### Available records
────────────────────────────────────────

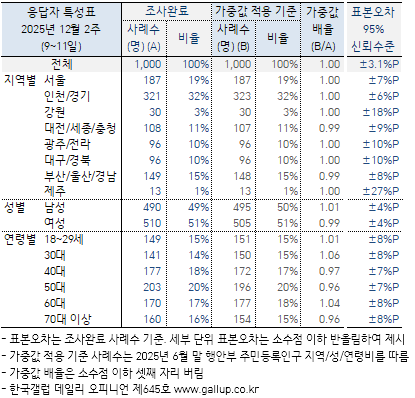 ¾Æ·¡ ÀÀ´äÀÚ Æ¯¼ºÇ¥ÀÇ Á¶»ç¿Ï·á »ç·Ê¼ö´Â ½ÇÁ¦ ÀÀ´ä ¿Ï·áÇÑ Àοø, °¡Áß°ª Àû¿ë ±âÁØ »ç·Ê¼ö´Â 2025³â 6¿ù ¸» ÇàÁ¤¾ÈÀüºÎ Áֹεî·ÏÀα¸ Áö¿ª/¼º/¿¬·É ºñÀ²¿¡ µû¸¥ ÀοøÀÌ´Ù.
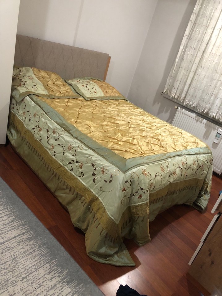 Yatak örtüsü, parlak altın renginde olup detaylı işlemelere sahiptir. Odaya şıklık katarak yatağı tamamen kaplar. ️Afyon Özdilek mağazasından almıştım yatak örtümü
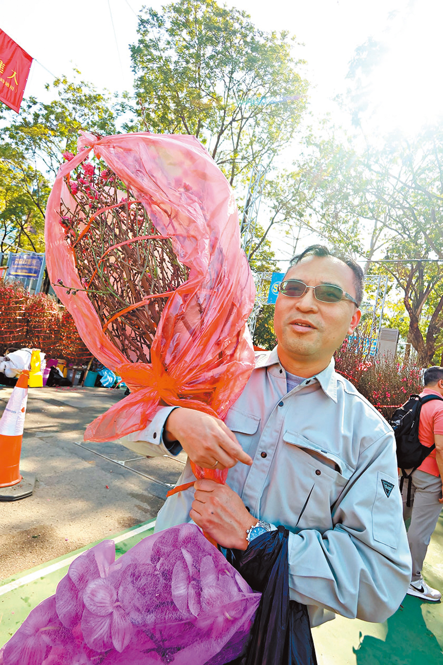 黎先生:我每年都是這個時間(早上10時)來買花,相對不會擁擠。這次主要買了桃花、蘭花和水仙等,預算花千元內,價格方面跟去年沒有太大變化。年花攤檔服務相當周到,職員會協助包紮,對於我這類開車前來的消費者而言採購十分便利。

────────────────────────────────────────

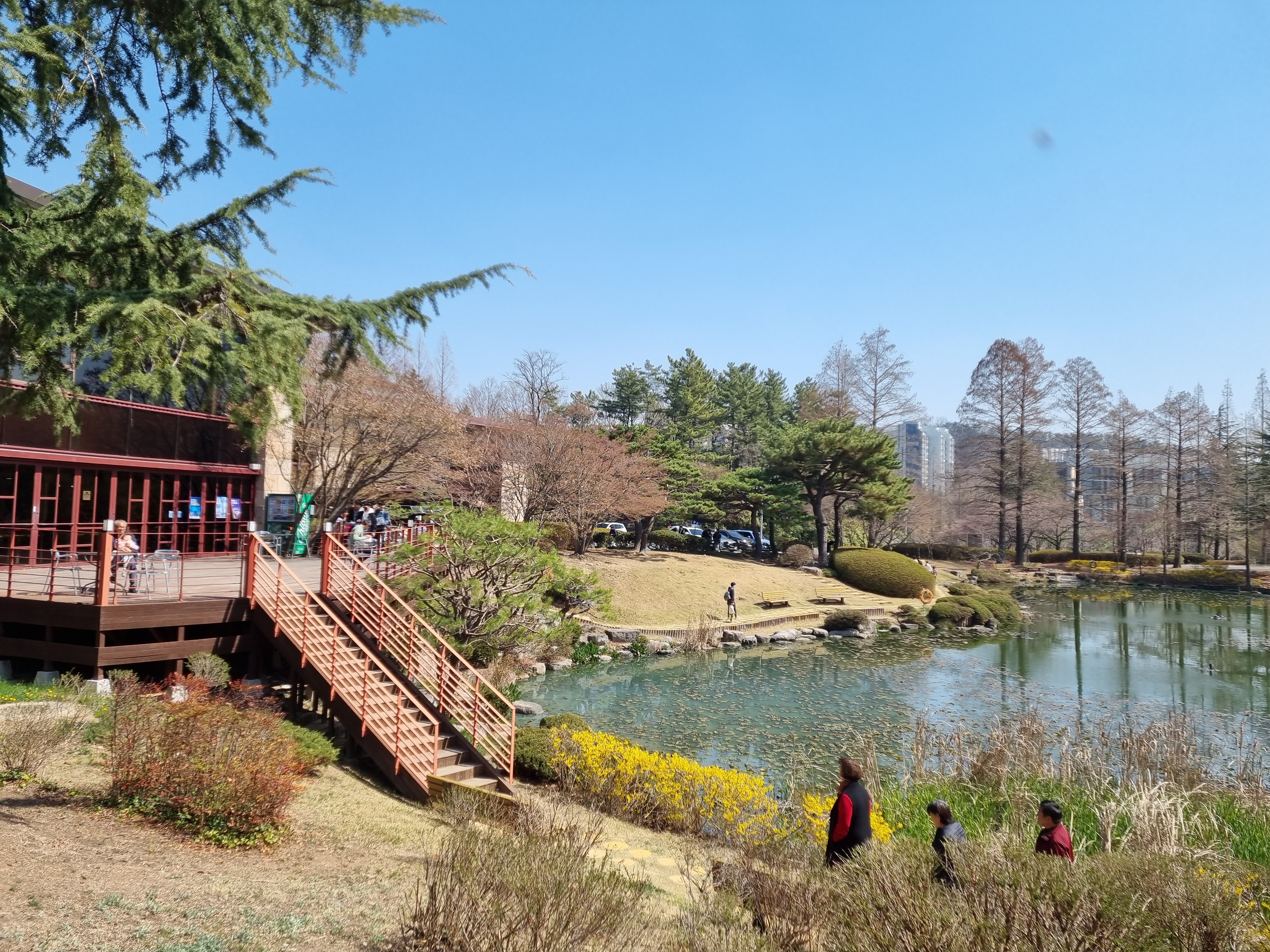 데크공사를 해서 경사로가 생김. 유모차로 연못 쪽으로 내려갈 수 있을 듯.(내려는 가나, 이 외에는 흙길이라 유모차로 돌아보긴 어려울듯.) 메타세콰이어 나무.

────────────────────────────────────────

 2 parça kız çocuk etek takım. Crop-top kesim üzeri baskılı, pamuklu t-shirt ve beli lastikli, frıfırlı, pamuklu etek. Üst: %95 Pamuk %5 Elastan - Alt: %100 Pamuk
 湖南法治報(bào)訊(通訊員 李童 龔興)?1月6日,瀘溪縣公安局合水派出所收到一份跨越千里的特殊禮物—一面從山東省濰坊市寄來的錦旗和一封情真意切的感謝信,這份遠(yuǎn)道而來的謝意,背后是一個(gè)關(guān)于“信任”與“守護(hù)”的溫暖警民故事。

────────────────────────────────────────

### Try it
Look above for the line containing "¾Æ·¡ ÀÀ´äÀÚ Æ¯¼ºÇ¥ÀÇ", then write out every line from there down to the line containing "黎先生:我每年都是這個時間(早上10時)", that line included, with no pictures.

### Task answer
 ¾Æ·¡ ÀÀ´äÀÚ Æ¯¼ºÇ¥ÀÇ Á¶»ç¿Ï·á »ç·Ê¼ö´Â ½ÇÁ¦ ÀÀ´ä ¿Ï·áÇÑ Àοø, °¡Áß°ª Àû¿ë ±âÁØ »ç·Ê¼ö´Â 2025³â 6¿ù ¸» ÇàÁ¤¾ÈÀüºÎ Áֹεî·ÏÀα¸ Áö¿ª/¼º/¿¬·É ºñÀ²¿¡ µû¸¥ ÀοøÀÌ´Ù.
 Yatak örtüsü, parlak altın renginde olup detaylı işlemelere sahiptir. Odaya şıklık katarak yatağı tamamen kaplar. ️Afyon Özdilek mağazasından almıştım yatak örtümü
 黎先生:我每年都是這個時間(早上10時)來買花,相對不會擁擠。這次主要買了桃花、蘭花和水仙等,預算花千元內,價格方面跟去年沒有太大變化。年花攤檔服務相當周到,職員會協助包紮,對於我這類開車前來的消費者而言採購十分便利。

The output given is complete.